The results of the study are published in the March 4, 2009, issue of the Journal of the American Medical Association.
FDA Issued an Early Communication About Safety Review
Clopidogrel is a prodrug converted in the liver to its active form by cytochrome P450 isoenzymes, with P450 2C19 playing a particularly important role. There is evidence suggesting that various PPIs can inhibit P450 2C19, which would alter the effectiveness of clopidogrel and potentially lead to an increased risk of adverse cardiovascular outcomes. As noted by the investigators, many patients treated with clopidogrel and aspirin following ACS are also treated with PPIs to reduce the risk of gastrointestinal bleeding with dual antiplatelet therapy.
In January, the US Food and Drug Administration (FDA) announced it was continuing to study the effectiveness of clopidogrel in patients taking other medications, particularly PPIs, as well as in those with genetic variants linked with clopidogrel resistance. Despite the early communication from the FDA, the existing data were insufficient to make firm recommendations, leading investigators to analyze the interaction in a large cohort of Veterans Affairs patients.
In this retrospective cohort study, 8205 patients with ACS taking clopidogrel after discharge from the hospital between 2003 and 2006 were identified. Of these patients, 64% were prescribed a PPI at discharge or during follow-up, while 36% were not prescribed a PPI. Those prescribed a PPI tended to be older and have more comorbid disease, including higher rates of diabetes, prior myocardial infarction (MI), previous coronary artery bypass grafting (CABG) surgery, peripheral vascular disease, and lung and renal disease.
Concomitant use of clopidogrel and a PPI was associated with a 25% greater risk of death or rehospitalization for ACS, the primary end point in this analysis.

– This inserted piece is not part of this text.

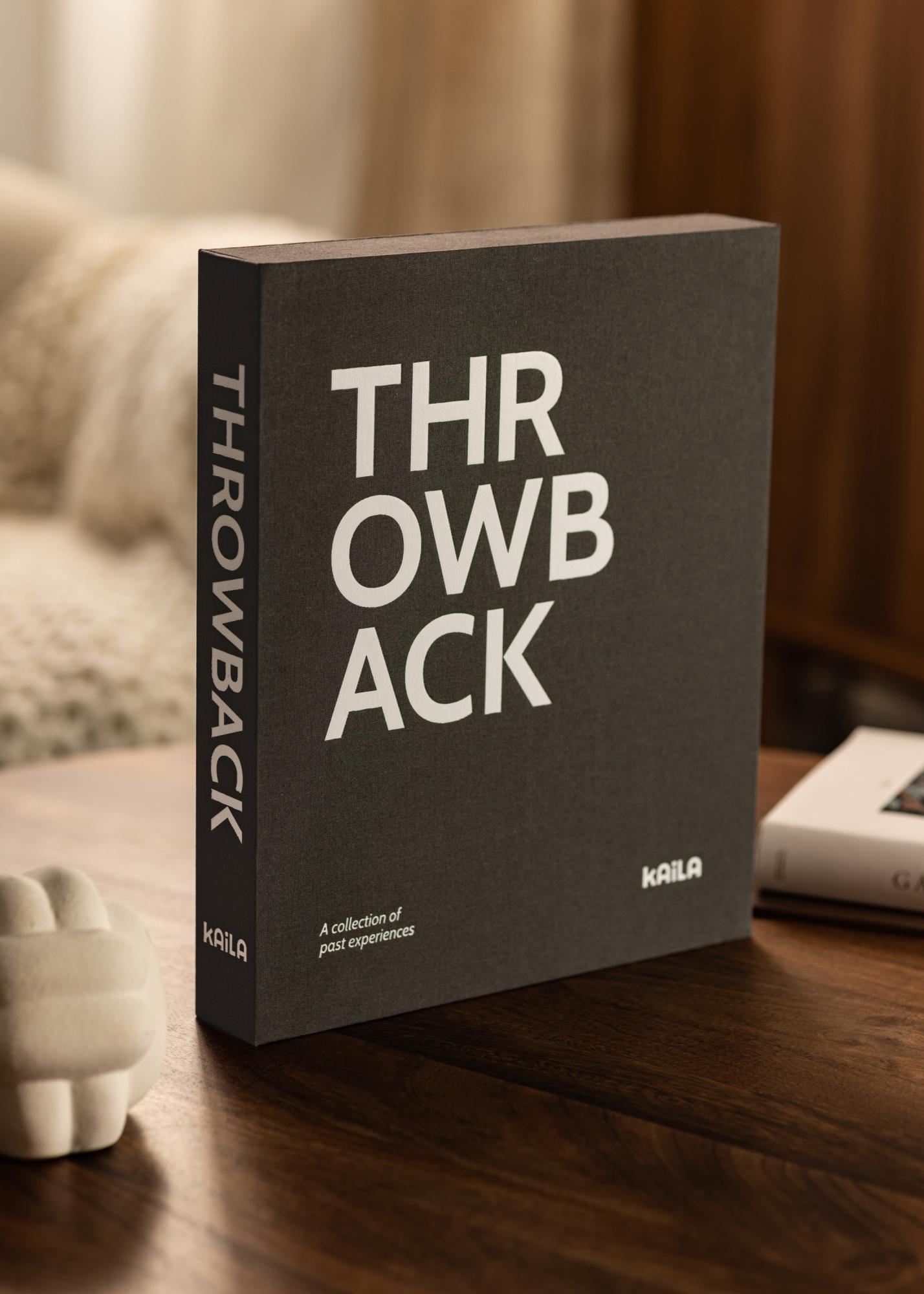 Este é um álbum de fotos muito moderno, embalado de forma luxuosa como um elegante livro de mesa de café - um chamado Coffee Table Photo Album. O álbum de fotos é desenhado como uma caixa exclusiva que abre para acessar o conteúdo. A capa é elegantemente revestida de tecido preto e uma impressão branca com o texto "THROWBACK" enfeita tanto a frente quanto a lombada do álbum. Esse conceito familiar de retrospectiva dá ao álbum de fotos uma sensação moderna e um pouco ousada, pois realmente se destaca dos estilos clássicos de álbuns. O álbum também tem um subtítulo que diz "Uma coleção de experiências passadas" impresso no canto inferior esquerdo.

Individual end points, including rehospitalization for ACS and revascularization procedures, were also significantly increased with the combination, although all-cause mortality was not significantly different between the two treatment regimens.
Adverse Outcomes Following Hospital Discharge for ACS
Various sensitivity analyses examining time periods of use, as well as a nested case-control analysis, confirmed the findings and suggested it was the interaction of the medications responsible for the increased risk. The increased risk of an adverse outcome associated with the use of clopidogrel and PPI remained statistically significant after researchers excluded those with a history of gastrointestinal bleeding prior to hospitalization for ACS, those who had a bleeding event during hospitalization, and those prescribed an histamine 2 (H2)-antagonist.

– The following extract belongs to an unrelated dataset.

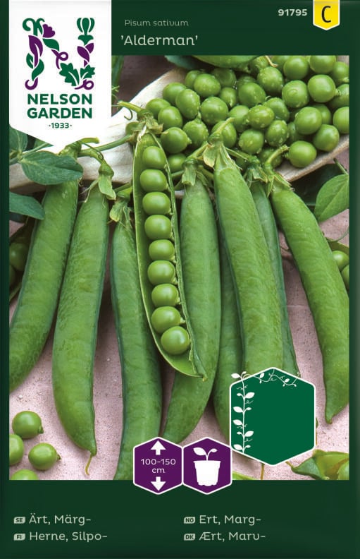 Marvært, som giver et stort udbytte, 7-10 ærter pr. bælg. Har brug for støtte. Høstes løbende og bælges. Dyrk gerne ærter forskellige steder i haven hvert år, de gøder jorden.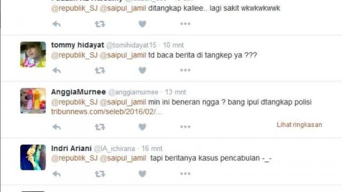 AnggiaMurnee membalas "@republik_SJ @saipul_jamil min ini beneran ngga ? bang ipul dtangkap polisi http://www.tribunnews.com/seleb/2016/02/18/artis-sj-yang-diduga-pedangdut-ditangkap-polisi-gara-gara-cabuli-anak-di-bawah-umur …"

Speaking with heartwire, Ho noted that the risk appears primarily due to recurrent hospitalization for ACS, which is consistent with mechanistic studies suggesting an increased prothrombotic state due to the inhibition of platelet activity with clopidogrel and PPIs. He noted that 8% of patients in this study had a previous history of gastrointestinal bleeding, while 25% had an in-hospital bleed or during follow-up, making them eligible for a PPI. Still, with 64% prescribed a PPI in this study, "it suggests there are a large number of patients prescribed the drug prophylactically," said Ho.
Regarding the lack of mortality risk associated with the interaction, Ho said that researchers had access only to all-cause mortality data and that more detailed causes of death might show a signal, particularly with cardiovascular death.

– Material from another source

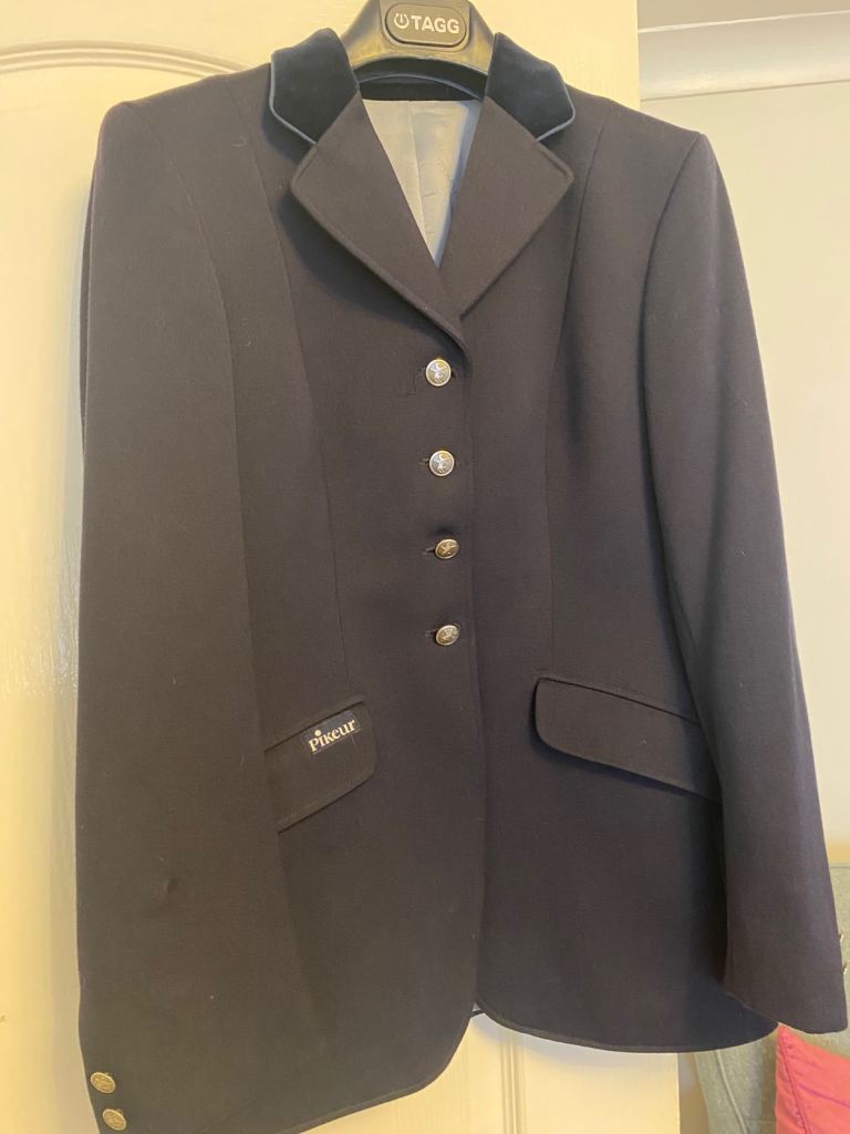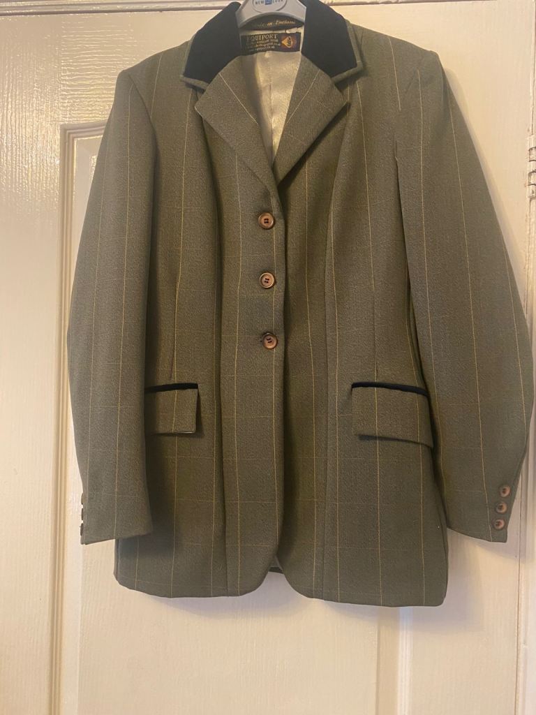 Equiport ladies tweed show jacket size 10 Dark Lovett green colour with fine gold check a navy velvet collar & navy velvet piping on pockets. 3 buttons to front of jacket and 3 smaller buttons on each sleeve. This jacket was very expensive & has only been worn once so as new condition.

The researchers also note that 60% of patients taking a PPI were prescribed omeprazole, a drug available over the counter since 2003, and that there was a bassociation between its use with clopidogrel and adverse clinical outcomes. Overall, said Ho, the findings highlight the importance of a drug interaction not observed in large clinical trials and suggest that drug surveillance is critical after drug approval to monitor unintended side effects and interactions.
This study was supported by the Quality Enhancement Research Initiative of the US Department of Veterans Affairs. Dr. Ho is supported by a Veterans Affairs Health Services Research and Development Career Development Award. Coauthor Eric D. Peterson, MD, MPH, is supported by the National Institute on Aging and the Agency for Healthcare Research and Quality Center for Education and Research on Therapeutics and has also received honoraria and research support from the partnership between Bristol-Myers Squibb and Sanofi. The other study authors have disclosed no relevant financial relationships.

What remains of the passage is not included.